After the WTO dispute settlement panel invalidated India’s export subsidy programmes in March of last year, including those associated with electronics hardware parks, biotech parks, and more generally capital goods concessions (Export Promotion Capital Goods scheme) and other benefits (Merchandise Export Incentive), the stated change from “incentives” to “remissions” in the FTP was only to be expected. Scheme), which may be connected to the value of exports. EoUs and Special Economic Zones are being scrutinised. The WTO forbids incentives that are linked to the volume of exports, although it does permit the reimbursement of export-related tariffs and taxes. Remission of Duties or Taxes on Export Products (RoDTEP), the most prominent export assistance programme currently in place, is recognised as WTO-compliant and covers more than 10,000 tariff lines. Although oddly extending EPCG to huge textile parks, battery-operated vehicles, the dairy industry, and wastewater recycling, the FTP has emphasised the importance of RoDTEP. Imports of capital goods are zero-rated under EPCG for a few specific industries. Localization and protectionism are becoming prevalent worldwide, and the WTO’s appeals body is understaffed since the election of Donald India has perhaps decided to gamble during the Trump years. Yet fortunately, the era of sector-specific subsidies is passed. Schemes for export promotion are of questionable effectiveness and ought to be replaced by a global emphasis on manufacturing and service infrastructure. The FTP correctly advises switching from export schemes to trade facilitation procedures.

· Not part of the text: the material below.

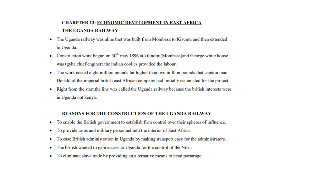 S.4 HISTORY ECONOMIC DEVELOPMENT IN EAST AFRICA THE UGANDA RAILWAY NOTES

The FTP’s expansion of the e-commerce export consignment cap is one of its key features. While this is up to date, there are some unresolved issues, such as the global tariff treatment of such exports and the guiding principles of data exchange. It is to be commended that transaction costs for MSMEs have decreased, and the establishment of “towns of excellence” should support cause. When combined with the “one district, one product” idea, it suggests a decentralised strategy for strengthening manufacturing and agriculture (with exports as a byproduct) as well as a subtle move away from export enclaves.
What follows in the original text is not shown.